_What you should do:_ With every picture left out, restate the listing below exactly as written.

_Provided material:_
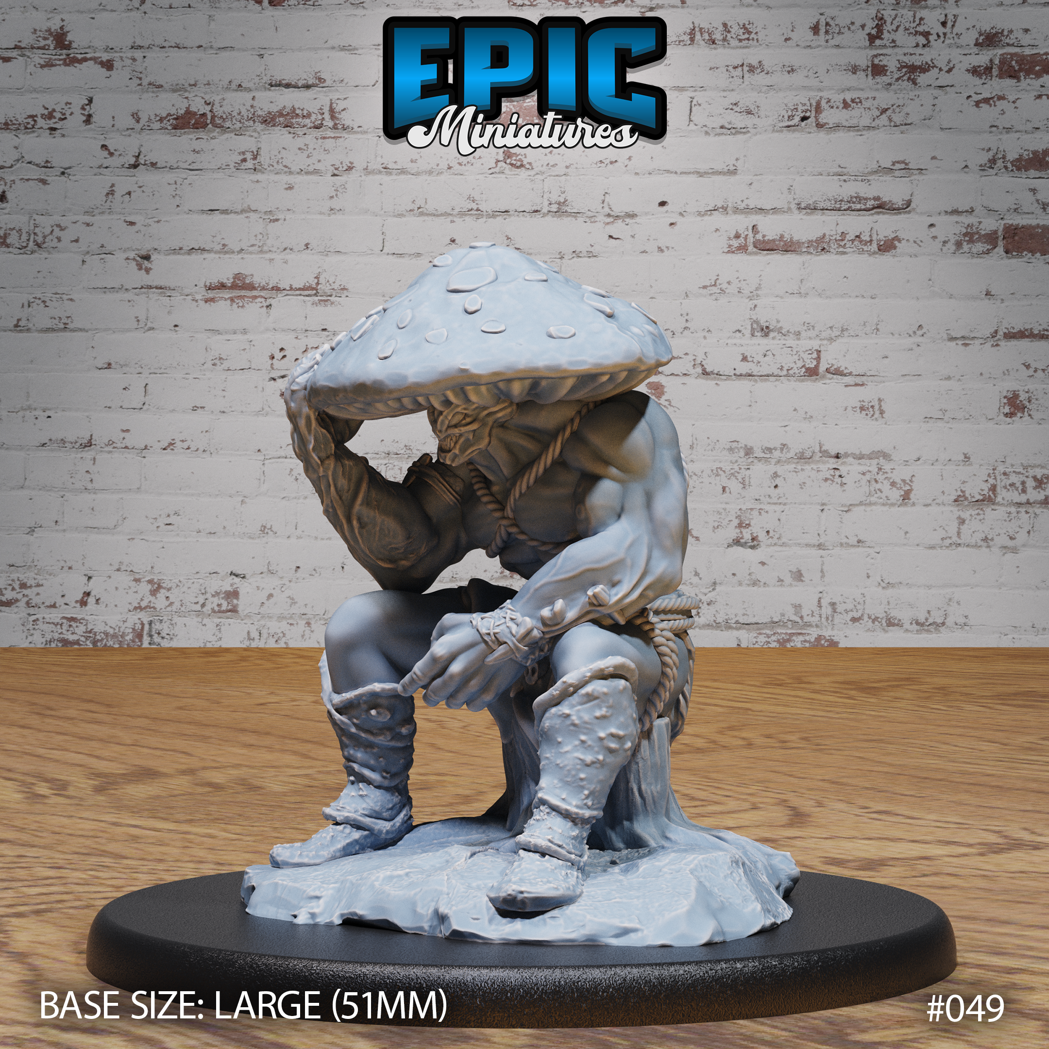 One 3d printed Dark Elf Mushroom Folk Barbarian Sitting 3D Print, with base in 32mm scale. Other scales available including 28mm. Large Size.
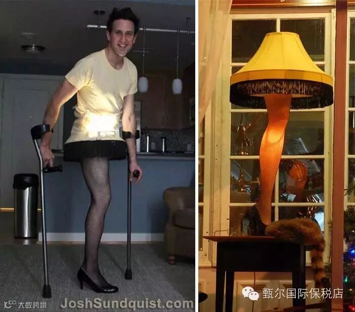 ▼2012年Josh的妻子建议自己装扮成电影《圣诞故事》中的灯具。在家人的帮助下Josh穿上黑色丝袜成了灯具,而且真的找来照明装置让自己看起来更像一盏灯。
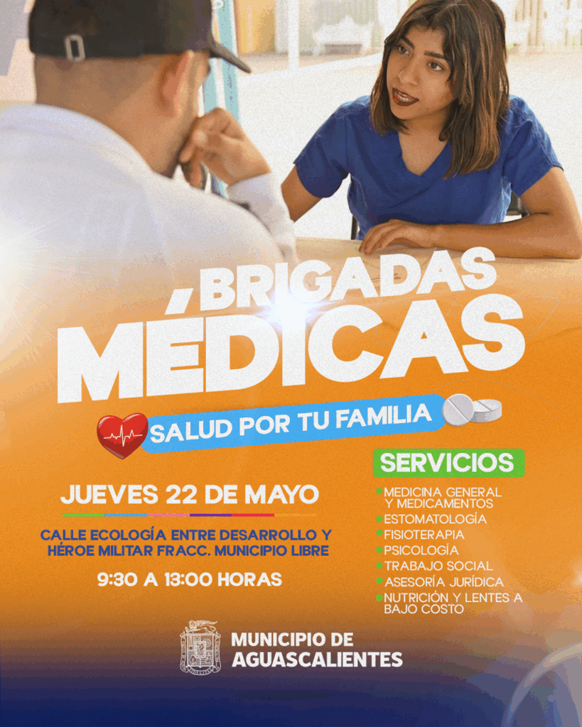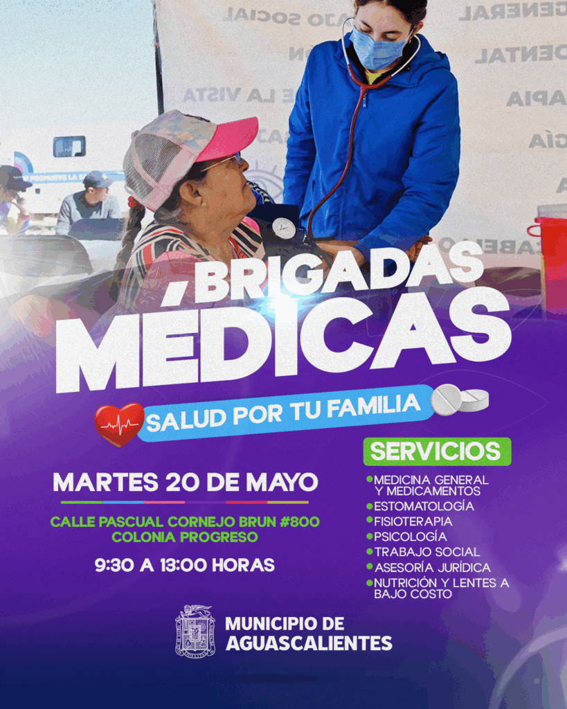 Con el propósito de acercar servicios médicos de salud a las diferentes colonias y fraccionamientos de la ciudad capital, el Municipio de Aguascalientes a través del DIF Municipal realizará brigadas médicas gratuitas en la colonia Progreso y el fraccionamiento Municipio Libre, este martes 20 y jueves 22 de mayo, respectivamente, de 9:30 de la mañana a 1:30 de la tarde.

_Answer space:_
 One 3d printed Dark Elf Mushroom Folk Barbarian Sitting 3D Print, with base in 32mm scale. Other scales available including 28mm. Large Size.
 ▼2012年Josh的妻子建议自己装扮成电影《圣诞故事》中的灯具。在家人的帮助下Josh穿上黑色丝袜成了灯具,而且真的找来照明装置让自己看起来更像一盏灯。
 Con el propósito de acercar servicios médicos de salud a las diferentes colonias y fraccionamientos de la ciudad capital, el Municipio de Aguascalientes a través del DIF Municipal realizará brigadas médicas gratuitas en la colonia Progreso y el fraccionamiento Municipio Libre, este martes 20 y jueves 22 de mayo, respectivamente, de 9:30 de la mañana a 1:30 de la tarde.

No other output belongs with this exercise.